No word on what the speakers will actually go for -- regular DM603s come in at $360/pair -- but the limited edition run is only 100 pairs. Tech specs in case you want to track some of these down are 60-22k Hz, 88dB, 8 ohms.
Pioneer Whiskey Speakers, a Bad TAD Hangover
No one does whiskey like the Japanese (well, except the Scots, Irish, hockey-landers and yanks) so it only makes sense to build speaker cabinets out of 50 year old whiskey barrels from sushi house legend Suntory. $419 gets you Pioneer's new S-A4SPT-VP bookshelves with frequency of 50Hz-40kHz. Seriously, Pioneer, that name. Gimme a call, I'll set ya straight.
The interesting part of the Japanese press release is the claim of "trickle down" technology from TAD and the Pioneer EX speakers, both under the direction of Brit Andrew Jones. We covered the TAD/Pioneer EX explosion at HE2006 so go check it out to see why Pioneer is trotting out the TAD banner to sell novelty speakers. It was one thing for $40k worth of tech from the TAD Model 1 to find its way into the $9k Pioneer EX speakers. But to get $40k worth of tech for $419? It's a new world, folks.
Of course, what would Japanese product releases be without Google translations? Enjoy:
"4th with feature, for the professional brand “TAD (Technical Audio Devices)” technology was thrown."
"...the pure board of the barrel material which makes the playback of the bass whose material feeling is good possible you start shaving the duct adopting."

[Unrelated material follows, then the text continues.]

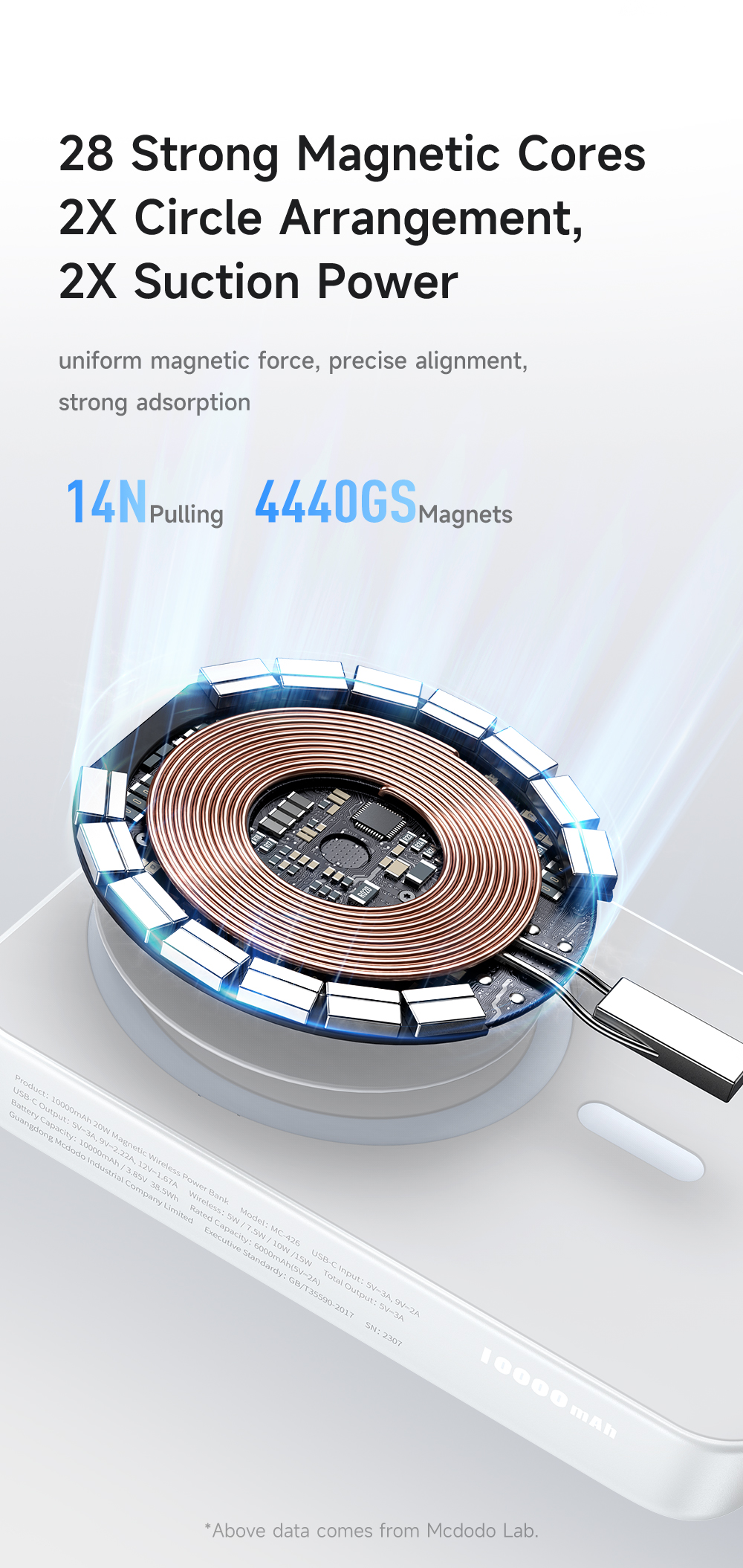🧲 LỰC HÚT NAM CHÂM GẤP ĐÔI - CHẮC CHẮN KHÔNG RƠI RỚT: Được trang bị tới 28 lõi nam châm cực mạnh sắp xếp theo 2 vòng tròn, pin hít chặt vào mặt lưng điện thoại một cách ổn định, đảm bảo không bị rơi hay lệch vị trí sạc ngay cả khi di chuyển.
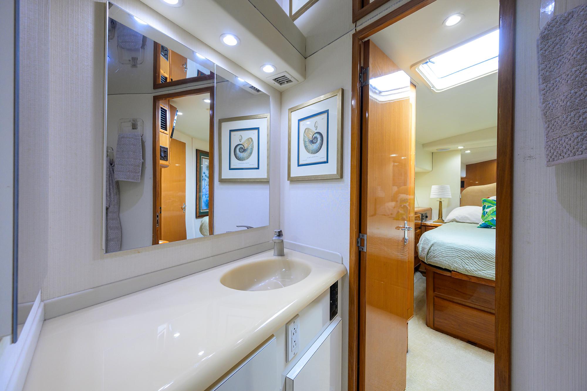 Forward in the cabin is an enclosed master head, with a molded beige Corian counter and mirrored vanity, beige porcelain toilet, and a molded shower enclosure with a massage wand, and hinged bi-fold door.

"...although with the trees and shrubs which are grown at arctic area, you are brought up to diameter 10cm about 60 years the rare pulp which was made from the lumber which has the annual ring where the density which is required is high is used for subject in this pulp. The case where the pulp which possesses this fine cell is processed, you considered to the water which influences the quality sufficiently."
Good times. Interestingly, JVC engineers had a similar epiphany during a drinking binge and created speaker drivers made out of solid wood soaked in sake. Read our coverage. Let's hope this inspires American manufacturers to start getting creative with their cabinets. Let's see...Wild Turkey and Wilson? Jack Daniels and DeVore? Budweiser and Bose? The mind boggles.
Big speaker pic next page. (Thanks, Fred)
If you're unaware, Totem hangs animal skins and tribal masks on their walls at every show. They must be summoning magical wood elves or something because the Totem room rocked. And they always rock. One person hypothesized that Totem speakers work so well in show rooms because they're actually the appropriate size speaker for the room. These gigantic monoliths crammed into tiny rooms create wild reflection problems. But put a pair of bookshelves in a normal room and -- gasp! -- they sound great.
Totem speakers are truly new generation goods. Killer bass from tiny packages and loads of clarity and snap, these guys should be way high on your list if you're not into the traditional audiophile sound. Those super slim floorstanders are the Totem Arro speakers at $1100/pair. The little bookshelves on top of the Arros are the $450/pair Dreamcatchers. Their big speakers, which are smaller than most people's medium sized speakers, go up to around $10k for the Shamans. Lots of cool stuff so check them out.
The White Van of the Apocalypse
Here's the scenario: you're out grocery shopping and minding your own business when, walking back to your car, a white van suddenly pulls up and out jumps two burly men. You think some sort of physical harm will come to you. Did you bring up polarity at Audio Asylum? Whatever flashes through your mind, you think your life is done.
In fact, your life is safe but your audio is not because you've been selected by the Theater Research direct marketing campaign. Yes, the burly men open up the back of the dealership-on-wheels to reveal incredible equipment at unheard of prices! Why, their boss is going out of business or the speakers fell off the truck or they stole them from some grandmother, whatever. The point is that, according to their website and the recent Stereophile ad, the speakers costing upwards of six grand are available to you for a fraction of the price!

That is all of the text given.